Podemos ir a Murcia o a Valladolid en Semana Santa y admirar los magníficos pasos de Salzillo o de Gregorio Fernández en la calle. Y también podemos ir, durante el resto del año, a admirarlos en sus respectivos museos. En este sentido, la vieja escultura barroca sigue aquí, generando significados, pero ahora lo hace como obra de arte; su función al servicio del dogma ha muerto ya por completo. El viejo «efecto de verdad» que caracterizaba a la imagen en el Cristianismo (Brea, 2010: 33-34) ha desaparecido, entre otros motivos porque, en el nuevo marco, formas de religiosidad arraigadas localmente se abren a un público en potencia global, capaz de efectuar múltiples lecturas sobre algo que antes era común y unívoco. Desde esta perspectiva, las informaciones acerca de las imágenes que brindan a sus pies los museos a los visitantes son, en cierta medida, un certificado de defunción de su antigua función adoctrinadora.

El museo, pues, como mausoleo de una tradición, como quería Adorno. Con todo, y como ha mostrado Duncan (2007), los museos modernos actúan en sí mismos como espacios rituales, que heredan mucho de los viejos lugares de culto: monumentalidad, nítida delimitación espacial, decoro esperable en los visitantes, etc. A ello contribuye, en los casos que nos ocupan, diversos factores. En primer lugar, su propia ubicación: suelen albergarse en edificios antiguos, que den un marchamo de tradición que contribuya a legitimar a su contenido. Es ésta una manera de reconocer que éste pertenece también al pasado, aunque el desfase cronológico sea tan evidente como inevitable; un ejemplo nos lo proporciona Medina de Rioseco:

El primer elemento que nos llama la atención cuando nos acercamos al Museo de Semana Santa es el impresionante edificio en que se encuentra ubicado: la Iglesia de Santa Cruz, construida, al igual que los otros importantes templos de Medina de Rioseco, durante la época de mayor esplendor económico y social de la ciudad [31].

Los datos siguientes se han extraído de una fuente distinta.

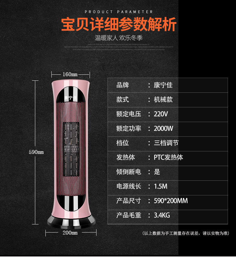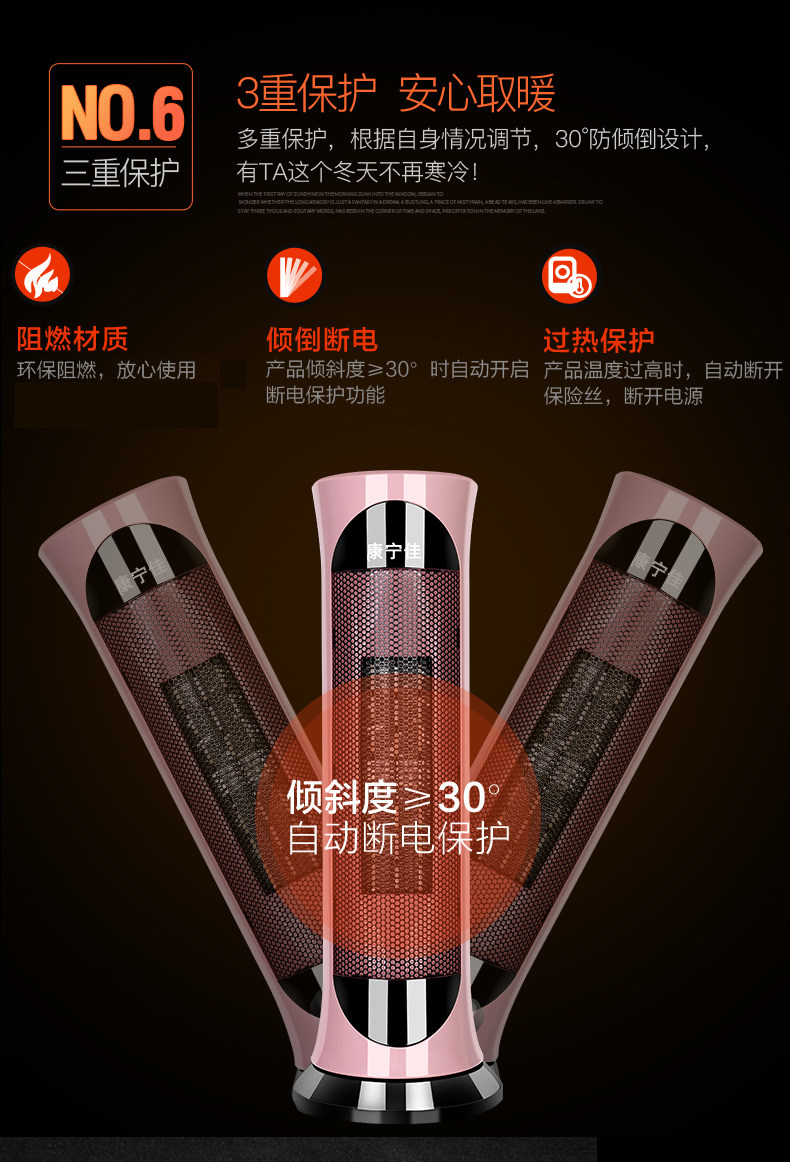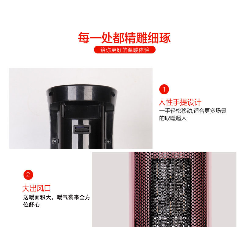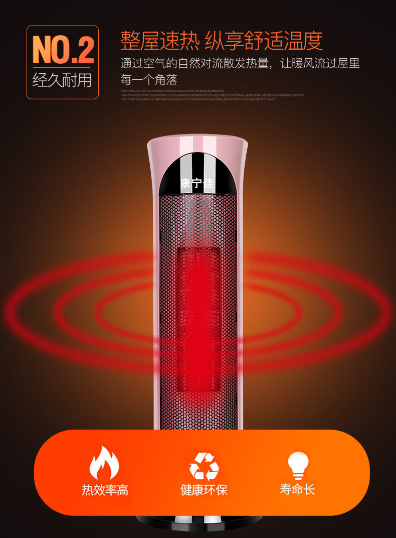 • 商品品牌:康宁佳 • 适用面积: 11m^2 (含)-20m^2 (含) • 电暖器最大功率: 2000W • 面积(平方米): 20m^2以下 • 控制方式: 机械式 • 取暖器加热方式: 陶瓷加热 • 智能类型: 不支持智能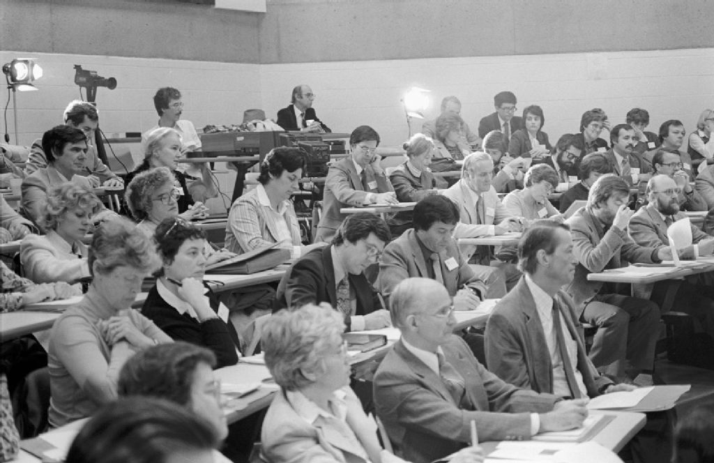 - Conférence portant sur le régime pédagogique à laquelle assiste le sous-ministre, André Rousseau. Ces photographies ont été commandées par Héloïse Hébert du ministère des Communications, Service des communications

Se trata, en este caso, de un «magnífico edificio» que data de finales del siglo XVI, y que «custodia en la actualidad, tras una importante labor de restauración, el rico patrimonio cultural de la Semana Santa riosecana». Es decir, no sólo se vincula la Semana Santa a un momento histórico determinado (esplendoroso) sino que una iglesia se convierte en museo, para albergar no imágenes sagradas, sino un «rico patrimonio cultural». Las ruinas del pasado (Gross, 1992) pues se reconvierten en lugar de memoria de un tiempo mítico, donde, prescindiendo de cualquier cronología histórica, convergen los objetos a los que hemos convenido atribuir un valor. Ahora bien, como afirma Warnier, convertir el lugar de una antigua práctica en un museo es «un modo de hacer duelo por el pasado sin destruirlo» (2002: 74). Lugar de la modernidad por excelencia, el museo es pues susceptible de albergar un cadáver al que todos quieren seguir viendo vivo. Esto nos permite enlazar con las reflexiones de Agamben acerca de los museos como las ruinas de algo que ya hemos perdido irremediablemente: «La museificación del mundo es hoy un hecho consumado. Una tras otra, de modo progresivo, las potencias espirituales que definían la vida de los hombres (…) se han ido retirando dócilmente hacia el Museo», advierte el filósofo italiano, que entiende por museificación «la dimensión separada a la que se transfiere aquello que en el pasado fue percibido como verdadero y decisivo, y ya no lo es» (2005: 110). En definitiva, «hoy todo puede volverse Museo, porque éste denomina simplemente la exposición de una imposibilidad de usar, de habitar, de experimentar» (ib.). Es más, la nueva relación entre religión y capitalismo se expresaría precisamente a través de este espacio:

El Museo ocupa exactamente el espacio y la función que en otro tiempo estaban reservadas al Templo como lugar de sacrificio. A los fieles del Templo (…) corresponden hoy los turistas, que viajan sin tregua por un mundo extrañado en Museo (ib.).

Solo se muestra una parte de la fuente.